I’m using the config management to deploy packages on my icinga2 master, which are either bigger global zones or smaller “per-host” definitions (Host type objects mostly). The api requests are being done in an ansible playbook with a simple logic:

  1. Try to create package (usually fails with http 500 since the package already exists)
  2. Try to create new stage in package, results in:
    {
    “status”: “Created stage. Reload triggered.”,
    “code”: 200,
    “stage”: “40ca7a81-9a39-469a-976e-55ada46bc03c”,
    “package”: “azure-global”
    }
  3. Try to determine result of reload (in this case query /v1/config/files/azure-global/40ca7a81-9a39-469a-976e-55ada46bc03c/status).

Step 3 gets repeated several times with a preset delay if we get an http 404 (message: “path not found”). This loop usually (max. 3 retries) results in an http 200 when the stage was successfully loaded.

There are cases however when the query for the stage simply won’t return a 200 and stays 404 for a full minute of retries. Rerunning the playbook can result in the previously failed stage update to succeed without issues. The size of the stage (the amount of icinga2 objects contained) does not seem to be a factor in the previously described error. Even stages of minimal size (e.g. definitions for 4 HostGroups) can trigger the behavior and simply stay nonexistant for status queries, even after 5 minutes or more.

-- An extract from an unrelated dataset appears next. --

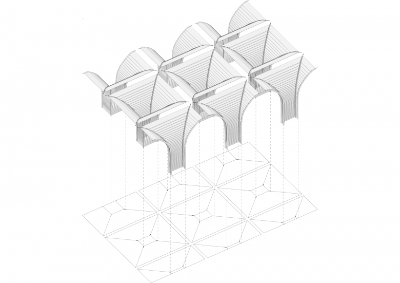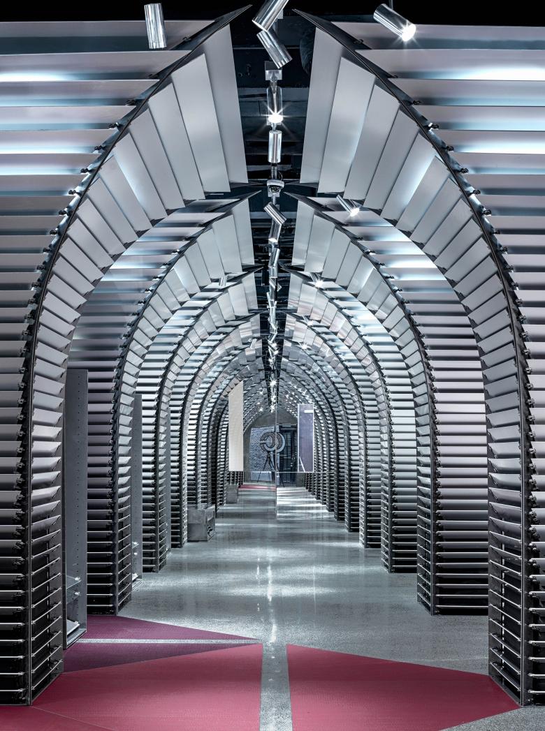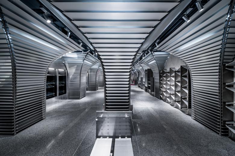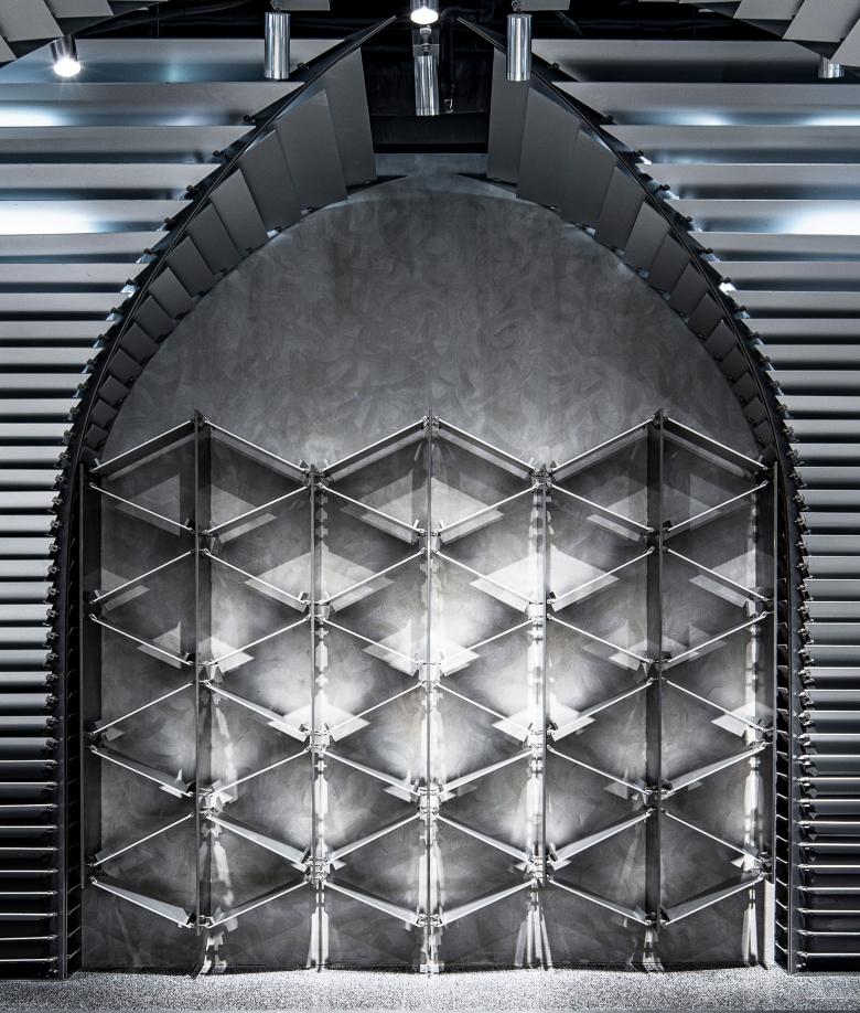 Walls at two sides of the space are made of mirror-finish stainless steel and concrete. These materials create another space in mirror. The mirror effect widens the space and multiplies the number of umbrella columns, giving a stronger sense of order. Another optical illusion of depth is created by overlapping joint lines of the terrazzo floor with the orthogonal projection of the umbrella-shaped system and changing terrazzo mixture. One may notice that the floor gradually switches colors. To match the style of the floor, the whole surface of stainless-steel walls shows a gradient effect from mirror-like finish to matte finish. This is achieved by a hand-crafted polishing method that changes polishing pressures at different parts of the walls.

Looking at the debuglog a stage reload for package “azure-global” and stage “40ca7a81-9a39-469a-976e-55ada46bc03c” as described in the output above triggers the following command:

/usr/lib64/icinga2/sbin/icinga2 --no-stack-rlimit daemon --close-stdio --validate --define ActiveStageOverride=azure-global:40ca7a81-9a39-469a-976e-55ada46bc03c

The output is not shown in the debuglog and there seems to be no error being reported.
Running the command on the master myself doesn’t return any errors either. The output looks like any other successfull config validation.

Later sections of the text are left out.